Some Piano in the Darkness



Somebody in the building played piano. I heard them every night as I came walked up the stairs, but never could figure out who it was. Little trickles of notes echoing through the stairwell, down the hallways. I would take the gentlest steps in my shoes so that I could trace it better but I traced absolutely nothing. Sometimes, I would stand there, hold my breath and listen close, it was coming from above. That much was certain.


A few notes, strung together. Then, a wall of silence.


I didn’t stage a large investigation, or put my ear to each door as I came to it. Other tenants were not interrogated- it was just sometimes, a mystery, that maybe I preferred to leave open. As I came home, in from the heat or the cold,  I would hear those little notes and I would wonder…is that a beautiful naked woman playing the piano in my building?




What door was she behind? Would she be receptive if I bought myself a trumpet or saxophone or stand up bass? Or I join in? Should I just start knocking?


Inevitably the closer I listened, the sooner the piano would stop. I took my keys out of my pocket went into the cage that was my rented room. The standard modern stockade against the elements. I cooked some meat in a pan on the stove and sat down beside the window, looking up at the crack on the ceiling as the radiators hissed.
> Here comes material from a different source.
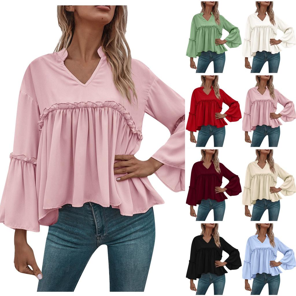Womens Fashion Casual Solid Color V-Neck Flared Sleeve Chiffon Top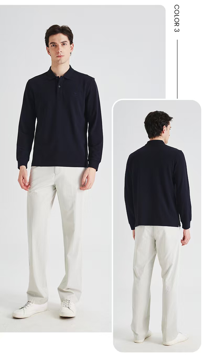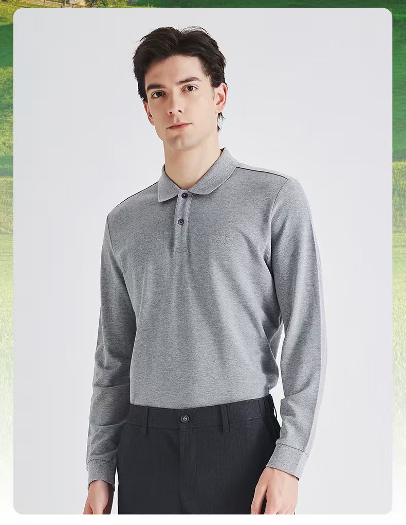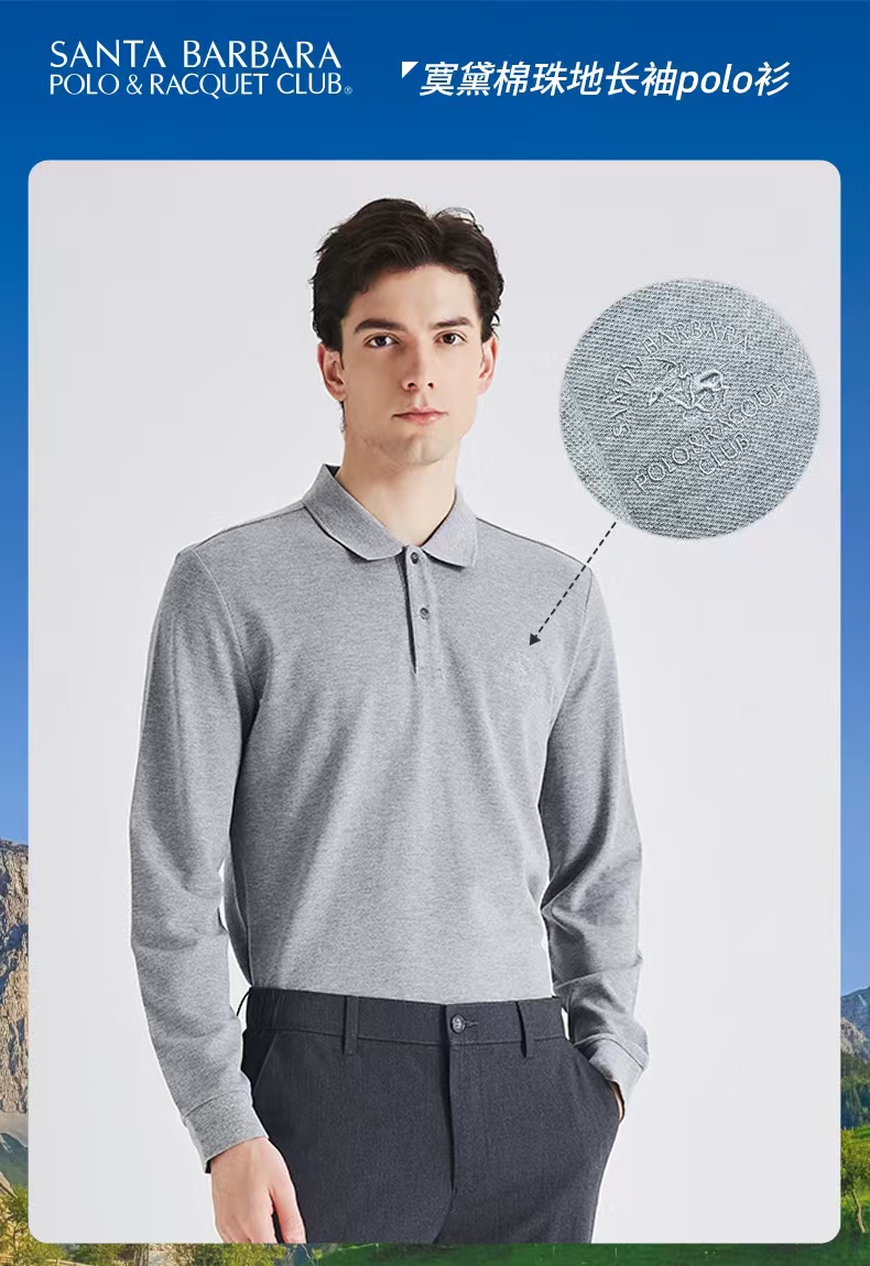 【直发】圣大保罗基础款寞黛棉珠地长袖polo衫男通勤 休闲T恤亲肤透气-PS25KT101M

 TV. Radio. A well stocked shelf of liquor and a cabinet ravaged by mice who’ve consumed the oatmeal and pasta and rice and crackers and extra toilet paper for their nests.


 


I don’t own a gun. I keep a baseball bat beside my bed in hopes that when the killers come to get me, they will kindly come in through the front door and not the window to my bedroom. As chances have it I will hear them coming down the hallway but will not hear them through the window, as I sleep on my good ear.


 


The other is deaf.


 


That adds to my confusion with the piano. The ghost notes on summer nights. I can hear them, but I can’t tell what direction they are really coming from.


 


Lying in bed and hearing the slow drip of piano keys in the darkness. Are you real, and are you playing my song?


 


A few non linear fragments at a time? Not really melodic. Not really tied together. Perhaps that’s what really kept me thinking about it.


 


It didn’t help me sleep at all.



Then, I did find out.


This winter, the music stopped.  No one played me anything and I thought for sure that my beautiful naked woman at the piano had gone off to greener pastures.


 


In spring, I walking into the building and a man said, “Sir, please wait one moment, we’re using the stairs…”


 


Here come two men, holding up the bottom of a small upright piano, descending down the stairs backwards. They were telling the men in the front of the piano, “Take it easy…”


 


“Easy…”


 


“Slow down…”


 


When they got to ground level I stood there looking at them and they all looked at me.


 


“Where did that piano come from?”


 


“Upstairs.”


 


“I can see that.”


 


“Nobody ever has a piano on the ground floor.” One of the men said.


 


“What apartment?”


 


“20.”


 


The one above me. Then Mr. King came down carrying a cardboard box and a bowling ball bag. He said hello.


 


“I’m moving.” He said.


 


“Oh, who plays the piano?”


 


“Nobody plays the piano.” He said. “I just have it.”


 


“You never did?”


 


“No.” He said.


 


“I used to hear it. I used to hear it all the time.”


 


“You heard Annie.”


 


“Annie?”


 


“I kept it by the window. She used to sleep on it, on top. Then she would walk down and follow the birds on the fire escape and she’d step on the keys. She was a good cat and now she’s in cat heaven.”


 


“Your cat?”


 


“My cat.” He said. Then he walked out of the building with the piano movers and I was left alone in front of the mailboxes.


 


You never know what exists and who will let you know about it.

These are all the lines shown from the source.